Ministry of Environment, Forest and Climate Change (MoEFCC) issues draft notification to establish India’s first compliance-based domestic carbon market
Introduction
The Ministry of Environment, Forest and Climate Change (MoEFCC) has taken a landmark step toward advancing India’s climate commitments by issuing a draft notification to establish the country’s first compliance-based domestic carbon market.[1] Published in the Gazette of India on April 17, 2025, this endeavour conforms with the Carbon Credit Trading Scheme, 2023, informed under the Energy Conservation Act, 2001, and the Environment (Protection) Act, 1986. Under the Paris Agreement, the framework seeks to institutionalize a market-driven mechanism to lower greenhouse gas (GHG) emissions intensity across sectors, so promoting sustainable development and supporting India’s Nationally Determined Contributions (NDCs).
Explanation (Key Points)
1. Regulatory Framework and Objectives
- The draft notification leverages the Energy Conservation Act, 2001, and the Environment (Protection) Act, 1986 to mandate GHG emission intensity (GEI) targets for industries.
- Primary Goals: Reduce India’s GHG emissions through measurable GEI targets.
Promote adoption of low-carbon technologies in high-emission sectors like aluminum, cement, and chemicals.
Align industrial growth with climate resilience.
2. Greenhouse Gas Emission Intensity (GEI) Targets
- GEI is defined as emissions per unit of output (tCO₂e/equivalent product). Sector-specific targets are set for compliance years 2025–26 and 2026–27, with trajectories based on 2023–24 baseline data.
- Example: The aluminum sector’s GEI targets range from 12.8 tCO₂e/tonne (Vedanta Limited) to 19.3 tCO₂e/tonne (Hindalco Industries). Cement plants must reduce GEI to as low as 0.3 tCO₂e/tonne (Ultratech’s Rawan unit).
3. Compliance Mechanism for Industries
- Obligated entities (industries) must: Achieve GEI targets through operational efficiency or technological upgrades.
Purchase carbon credits from the Indian Carbon Market (ICM) if targets are missed.
Submit compliance documents via the ICM Portal within stipulated timelines. - Banking of Credits: Surplus carbon credits can be banked for future use or traded.

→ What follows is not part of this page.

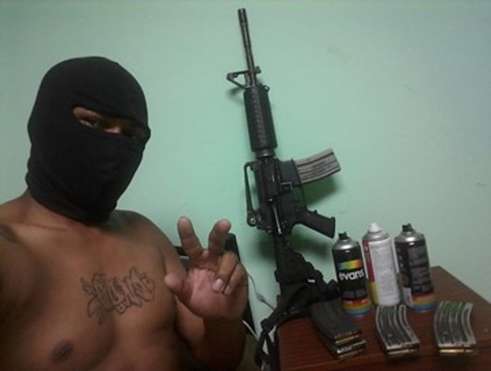 Figure 7 is a portrait of Snop 10, a member of theGobernantes del Norte(GDN, The North Governors) posing next to his own firearm which hints at his rank and seniority within his mob. Spray cans and weapons allude to a past when gangs took over Guayaquil. Nowadays, these groups are disarmed but maintain the tradition of chapeo in gatherings to evoke the culture of those days. The GDN tattoo on Snop's chest uses the skin as an extension of the sign and the signifier. Clearly, belonging to these groups involves a complex semantic system of representation and identity.

4. Carbon Credit Issuance and Trading
- The Bureau of Energy Efficiency (BEE) issues carbon credits based on the formula:
- (GEI Target – GEI Achieved) × Production Output.
- Entities failing to meet targets must buy credits equivalent to their shortfall.
5. Environmental Penalties
- Non-compliance triggers environmental compensation equal to twice the average trading price of carbon credits during the compliance cycle.
- Penalties must be paid within 90 days and are channelled into a dedicated fund for climate initiatives.
6. Sectoral Coverage
- Detailed targets are specified for aluminum smelters, cement plants, chlor-alkali units, and others. For instance:
Cement: Over 120 plants, including Ultratech, ACC, and Dalmia Cement, must reduce GEI by 3–10% by 2026–27.
Aluminum: Vedanta’s Jharsuguda unit must cut GEI from 13.49 to 12.83 tCO₂e/tonne.
Conclusion
From voluntary actions to a legally binding carbon market, the draft notification represents a radical change in India’s climate policy. Instituting emissions trading helps the system to guarantee responsibility and encourage businesses to innovate. This project not only helps India’s standing in world climate diplomacy but also strikes a compromise between environmental sustainability and economic development. Stakeholders have 60 days to provide comments, so stressing the government’s cooperative approach. If carried out successfully, this carbon market could be a model for developing nations, hastening the worldwide change to net-zero emissions.